Через заснеженный двор кучка одетых в лохмотья ребят везла на санках сучья.
— Товарищ Шагал, — окликнул Марка один из мальчиков, — сегодня вы должны обязательно присутствовать на выступлении живой газеты! Мы вас будем критиковать за увлечение экспрессионистской живописью.
— Обязательно приду, — улыбнулся Шагал, — если не заболею.
— Товарищ Шагал, — сказал другой мальчик, — я хотел бы вам показать свой эскиз, сделанный, как у этого... про которого вы вчера говорили.
— Чимабуэ, — сказал Шагал. — А как твоя опера?
— Я уже ее наполовину сочинил. Только название поменял. Раньше называлась «Освобожденный труд», а теперь — «К мировой коммуне».
— Этот мальчик, — сказал Шагал Белле, — находится в каком-то постоянном творческом экстазе. Он рисует, сочиняет музыку, пишет стихи. И другие дети тоже полны творческого энтузиазма. Они рисуют в разных стилях. Одни за абстрактную живопись, другие за реализм. Среди них есть даже Малевич, который конструирует свои рисунки. — Шагал засмеялся. — Представить себе не можешь, Белла, насколько мне здесь лучше, чем в витебской академии. Я люблю этих маленьких оборвышей, они набрасываются на краски, как дикие звери на мясо. Они будят у меня аппетит к творчеству, который в витебской академии я совершенно потерял.
— Но тебе надо жить не только творческим хлебом, — сказала Белла, если не заберешь тебя, ты забываешь прийти к обеду. Ты совершенно исхудал, у тебя черные круги под глазами.

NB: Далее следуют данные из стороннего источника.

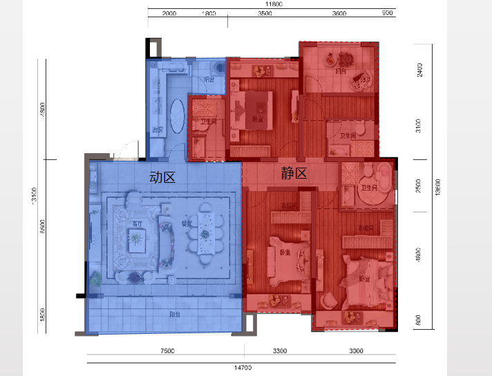 融创碧桂园望江府7号楼D1户型动静分区

— Мне здесь очень интересно, — сказал Шагал, — я восхищаюсь их рисунками, их вдохновенным лепетом. А ведь эти дети — несчастнейшие из всех сирот. Все они пережили страшное. Их швыряли в канавы, бандиты хлестали их кнутами, угрожали кинжалом, которым только что на их глазах закололи их родителей. Сквозь свист пуль и звон разбитых стекол они еще слышали последние родительские мольбы. Вот такие дети очутились передо мной. Они суетятся, перекрикивают друг друга, хохочут, но их глаза не хотят или не могут улыбаться. Я всегда с тревогой смотрю в их глаза.

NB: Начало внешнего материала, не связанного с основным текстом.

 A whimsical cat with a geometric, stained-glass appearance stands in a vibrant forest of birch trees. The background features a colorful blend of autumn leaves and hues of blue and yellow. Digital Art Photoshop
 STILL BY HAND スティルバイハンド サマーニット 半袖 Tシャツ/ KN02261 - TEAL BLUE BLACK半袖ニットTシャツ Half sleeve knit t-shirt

— А я сейчас с тревогой смотрю в твои глаза, — сказала Белла. — У тебя воспаленные, температурные глаза. Ночью ты сильно кашлял.
— Видно, меня продуло, — сказал Марк, — в доме ужасные сквозняки. Холодно. Можешь себе представить, как во время таких холодов эти детки, маленькие бедолаги, закутанные в тряпье, дрожащие от стужи и голода, шатались по городам, висели на вагонных буферах? А сейчас я учу их рисовать. — Он закашлялся.
— Тебе надо немедленно лечь в постель, — сказала Белла, — я постараюсь найти доктора.
Бородатое лицо, очки. Пальцы касаются тела, выстукивают.
— Тут болит? А тут? Похоже, воспаление легких.
Ветер пробегает по саду. Галки и вороны кричат. Серо-фиолетовый свет падает на холмы. Темнеет.
— Телеграмма, — говорит кто-то.
— Почему так запоздала?
Кто-то плачет.
— Белла, — с трудом поднимает веки Марк, — какая телеграмма? Почему ты плачешь?
— Я не плачу... Тебе все приснилось. Я сейчас поменяю платок на голове.
Прохладные пальцы Беллы, прохлада свежего платка. Слышны тихие голоса.
— Телеграмма... Где?.. На небе... Посмотри в окно... Видишь из окна комнаты небосвод, расчерченный огромными многоцветными квадратами, линиями, кругами, меридианами? Видишь, меж этими линиями начерчены какие-то знаки? Читай... Москва. Точка, — шевелит губами Шагал. — Берлин. Точка. Нью-Йорк. Точка. Рембрандт. Витебск. Миллион терзаний.